Conquistas e avanços

Irene de Jesus, da comunidade de Serra Preto, na Bahia, relata como cisternas construídas no lugar mudaram sua vida
por Portal Brasil publicado: 12/12/2014 15h11 última modificação: 12/12/2014 15h12

A fome era algo comum na vida da família da agricultora Irene Santos de Jesus, da comunidade de Serra Preto, na Bahia. “Nós éramos excluídos”, disse ela.

A transformação ocorreu com a chegada da cisterna de primeira água, em 2004, do Água Para Todos, um dos programas do Plano Brasil Sem Miséria.

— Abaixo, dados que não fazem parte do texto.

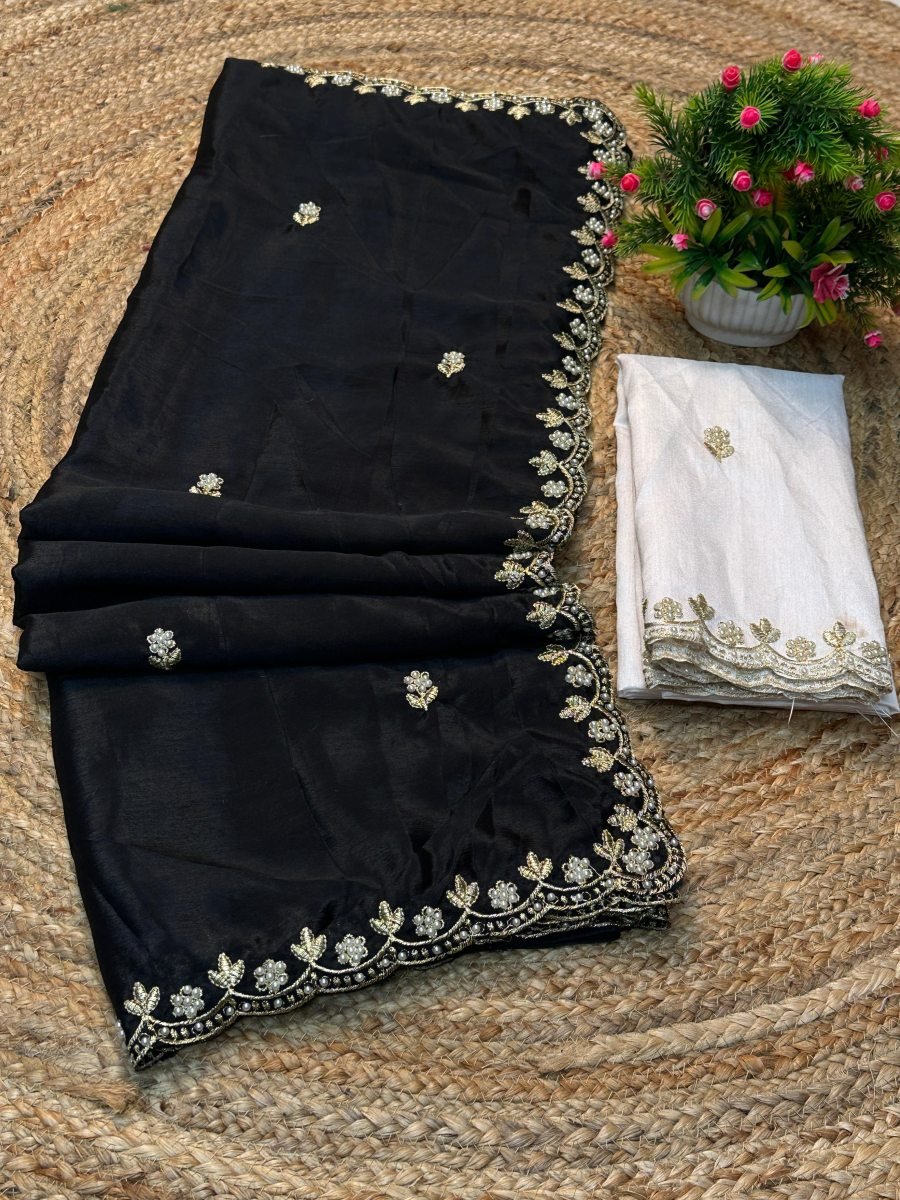 Silk Chinon Embroidered Saree with Thread Moti Work Unstitched Blouse Piece Elegant Designer Saree
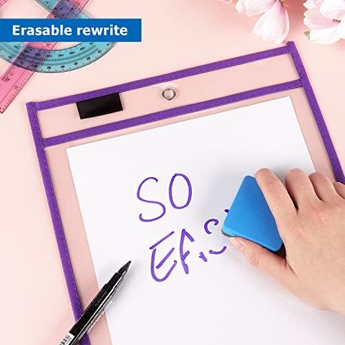 - Application: These oversized reusable dry erase pockets make it easy to store your valuable documents, perfect most of the student activity sheets, work files, office documents, job ticket orders and more.
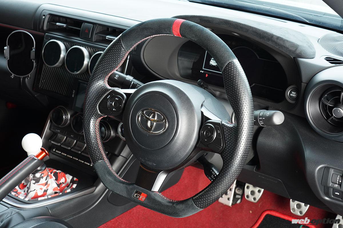 インテリアでは、レアル製ステアリングのオリジナルバージョン(6万8750円)に目を奪われる。レザーとウルトラスウェードのコンビ素材となるが、通常製品とは配置パターンが逆になっていて、純正のダッシュパネルと統一感が生まれる。真紅のセンターマークをあしらったのもポイントで、トヨタ純正のGRエンブレムも製品に付属される。
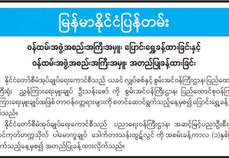 ကျန်းမာရေးဝန်ကြီးဌာနအနေဖြင့် နိုင်ငံအတွင်း ကူးစက်ဖြစ်ပွားနေသော COVID-19 ရောဂါ ကာကွယ်၊ ကုသ၊ ထိန်းချုပ်ရေးလုပ်ငန်းများကို အရှိန်အဟုန်မပြတ် ဆောင်ရွက်လျက်ရှိရာ ရောဂါ ထိန်းချုပ်ရေးလုပ်ငန်းများ အောင်မြင်နိုင်ရေးအတွက် ပြည်သူလူထုအနေဖြင့် ကျန်းမာရေးဝန်ကြီးဌာနမှ ထုတ်ပြန်ထားသော COVID-19 ရောဂါကာကွယ်ထိန်းချုပ်ရေးဆိုင်ရာ စည်းကမ်းများကို စနစ်တကျ လိုက်နာဆောင်ရွက်ရန်လိုအပ်ပြီး COVID-19 ကာကွယ်ဆေးထိုးနှံမှုခံယူခြင်းအား အထူးဂရုပြု ပူးပေါင်းဆောင်ရွက်ကြရန် လိုအပ်ပါသည်။
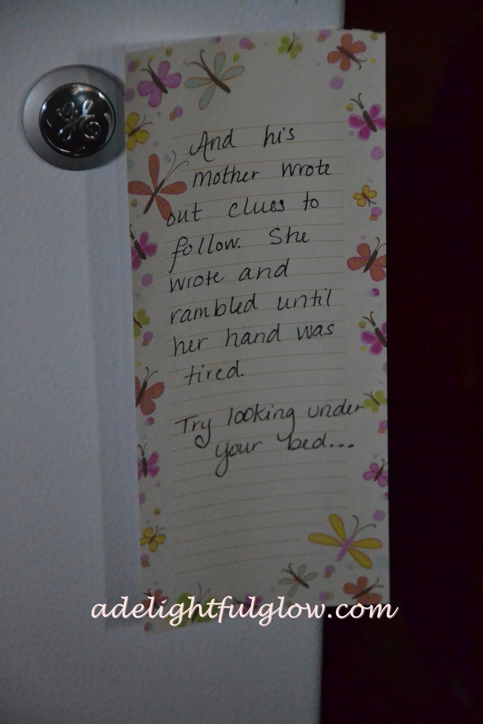 Grandma had a Lego set for him and I knew he’d know it was a Lego set just by looking at the wrapped package. So, we put together a scavenger/treasure hunt with clues to follow. At the end of the trail of twelve clues, he found his gift and tore it open! Legos!! Equates happy!
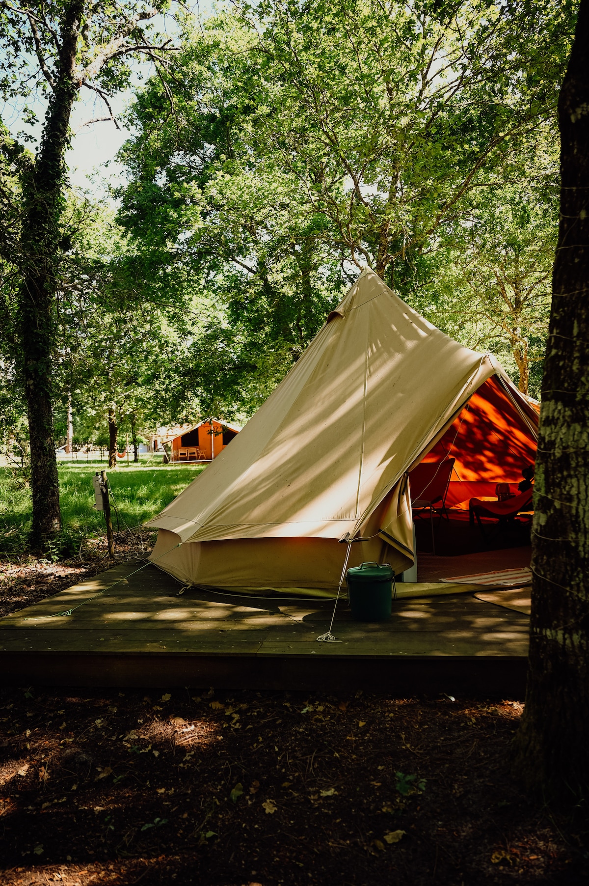 Located in the La Téouleyre natural area, 7km from the ocean (direct access to the cycling path from the property), we offer our customers looking to get closer to nature during their holidays the "Oak Tipi," set up on a wooden platform under the oak grove. Enjoy a camping experience in a relaxing setting, thanks to this fully equipped tent: Large 160 bed, Glass minibar, Senseo coffee maker, and electric kettle.
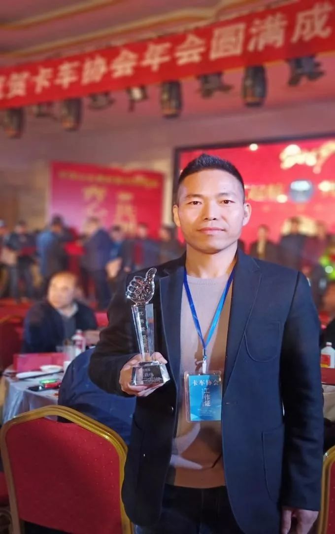分会长晓伟被被颁发了优秀管理奖,水晶奖杯上是竖大拇指的图案,他举着给我拍照。在激昂的颁奖音乐中,卡车司机们从T字台上场,被颁发荣誉证书。

Mãe de dois filhos, ela conta que com a cisterna deixou de caminhar por duas horas com uma lata na cabeça à procura de água potável para beber.

Irene relatou sua mudança de vida durante a sexta edição do Diálogos Governo-Sociedade Civil, nessa quinta-feira (11), em Brasília.

 

Beneficiária do Bolsa Família, Irene não ficou parada e continuou trabalhando. Com a cisterna de produção, ela pôde plantar. Atualmente, a agricultora vende sua produção de hortaliças para dois supermercados da região.

“Ganhei três canteiros econômicos. Hoje, estou com 18 canteiros. Tenho de tudo na minha horta”, contou, com orgulho. “Eu tenho a honra de dizer que sou dependente de mim mesma.”

Para ela, a cisterna trouxe muito mais que melhoria financeira para sua família. Irene lembra que os filhos sofriam com as doenças em decorrência da água de má qualidade.

O coordenador geral da Rede de Articulação do Semiárido Brasileiro (ASA), Naidison Baptista, que também participou do evento, destacou o número de um milhão de cisternas no Semiárido.

Para ele, este foi um passo importante em direção à universalização da água na região. “Isso significa dizer que um milhão de mulheres deixam de carregar água na cabeça para abastecer suas casas.”

Na avaliação de Naidison, ainda há outros desafios a serem superados em relação à população mais pobre do país. “Precisamos resolver, por exemplo, a questão do acesso das comunidades e povos tradicionais aos territórios.”